▶ _DATA SEGMENT_:

□ □ □ □ □ □ □

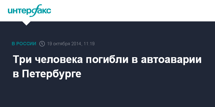 Москва. 19 октября. INTERFAX.RU - Две машины столкнулись в Красногвардейском районе Петербурга, погибли три человека, сообщили "Интерфаксу" в региональном управлении ГИБДД.
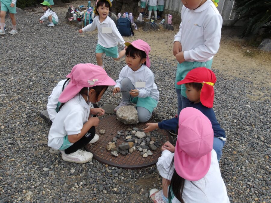 それぞれの好きな石をみんなで探して並べてみたり、
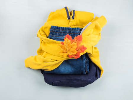 Autumn kids yellow and blue folded outfit with fall maple leaves. Flat lay on pastel blue background. Autumn fashion, wardrobe organization concept

□ □ □ □ □ □ □

▶ _TASK BRIEF_: Without the pictures, repeat the listing above exactly.

▶ _ANSWER TO THIS PROBLEM_:
 Москва. 19 октября. INTERFAX.RU - Две машины столкнулись в Красногвардейском районе Петербурга, погибли три человека, сообщили "Интерфаксу" в региональном управлении ГИБДД.
 それぞれの好きな石をみんなで探して並べてみたり、
 Autumn kids yellow and blue folded outfit with fall maple leaves. Flat lay on pastel blue background. Autumn fashion, wardrobe organization concept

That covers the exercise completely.